Corinne se tenait devant la plancha, droite comme un piquet dans sa robe d’été beige. Pas un regard pour le tablier de Camille, pour la sueur qui perlait à son front, pour le barbecue qui fumait depuis le matin. Juste cette main tendue, paume ouverte, comme on la tend au guichet d’une cantine.
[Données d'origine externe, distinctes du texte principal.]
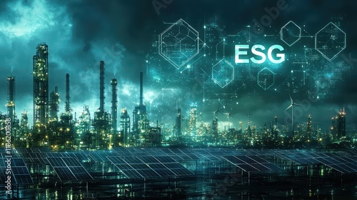 Fototapeta premium Sustainable energy transition in industrial landscape with esg focus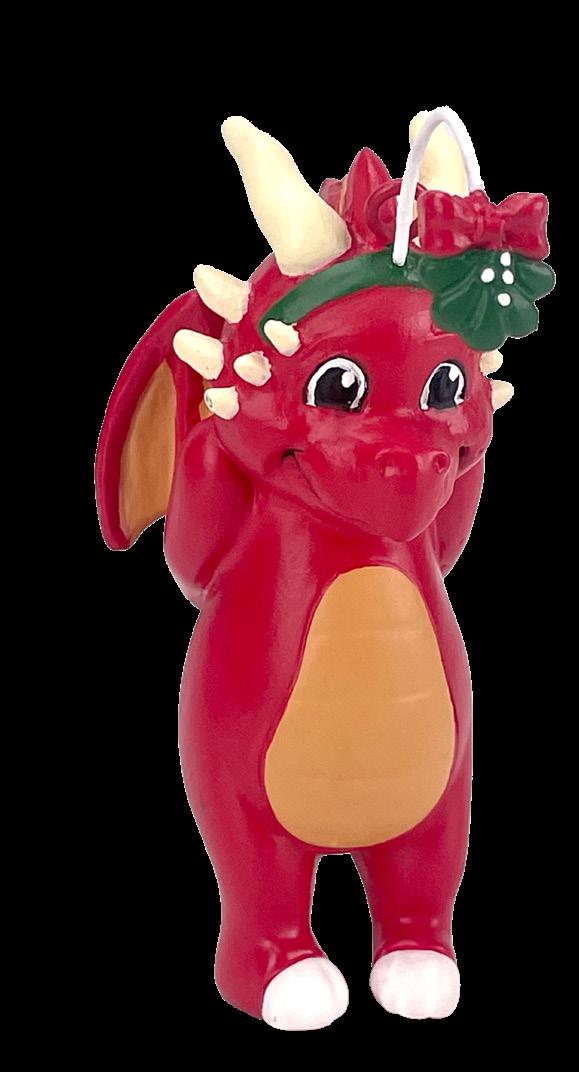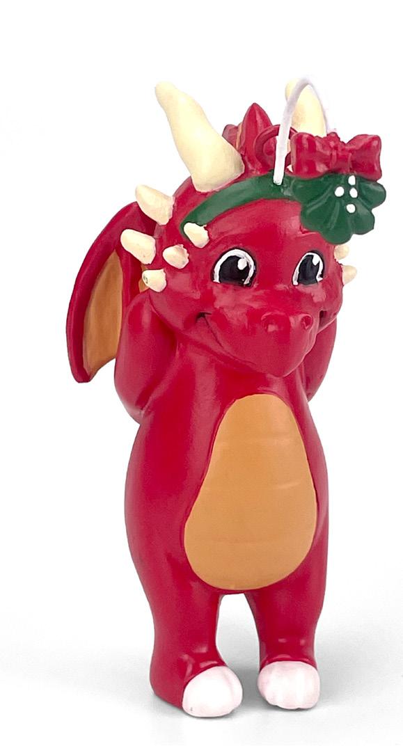 For 2025, Baby Genny is bringing her own mistletoe and hoping for a sweet smooch under the Christmas tree. The ornament is 3” tall, made from hand-painted resin.

Camille reposa la fourchette. Lentement. Le grésillement du gigot sur la grille emplissait le silence.

— Corinne, dit-elle d’une voix trop calme, ce n’est pas un snack ici. Et je ne suis pas ta serveuse.

Sa belle-sœur haussa les sourcils, un sourire en coin flottant sur ses lèvres, l’air de dire « oh là là, on est susceptible ». Derrière elle, appuyé contre le hayon du monospace, son mari Jérôme pianotait sur son téléphone. Les deux garçons se chamaillaient à l’arrière, vitres ouvertes, sans même avoir salué leur tante.
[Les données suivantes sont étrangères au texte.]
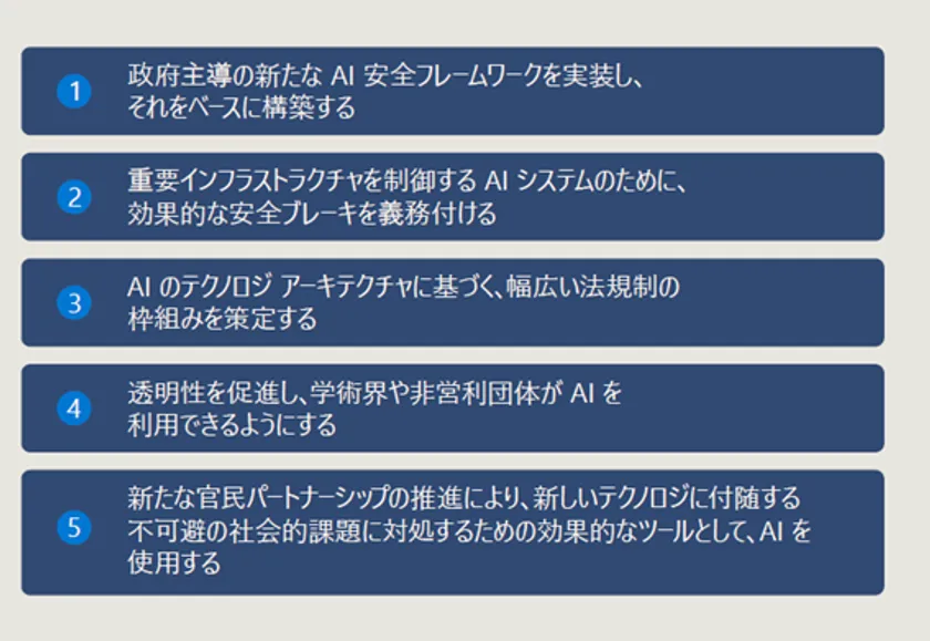 マイクロソフトは、「責任あるAI」プログラムで得られた教訓を基に、AIガバナンスの推進に役立つ5項目から成るアプローチの詳細を示す青写真を5月に公開しました。ここでは、日本の状況に即してそうした政策アイデアや提言を示します。具体的なステップは以下のとおりです。

Antoine, le mari de Camille, sortit de la cuisine d’été avec un saladier de pêches. Il s’arrêta net en voyant la scène. Le saladier resta en suspens entre ses mains, comme un vase qu’on hésite à poser sur une table branlante. Il connaissait ce ton. Ce calme-là, c’était le pire.
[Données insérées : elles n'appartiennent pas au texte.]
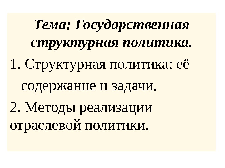 Тема: Государственная структурная политика. 1. Структурная политика: её

Mais pour comprendre comment on en était arrivé à cette scène sous le tilleul, avec le thym qui brûlait dans les braises et la honte qui montait aux joues d’Antoine, il faut remonter trois mois plus tôt.

Tout avait commencé par un simple texto. Un samedi de mai, la chaleur écrasait déjà la vallée de l’Hérault. Camille et Antoine venaient d’emménager pour l’été dans la bastide héritée des grands-parents, un vieux mas en pierre niché au bout d’une route sinueuse, avec une vue imprenable sur les vignes et un figuier centenaire qui ombrageait la terrasse.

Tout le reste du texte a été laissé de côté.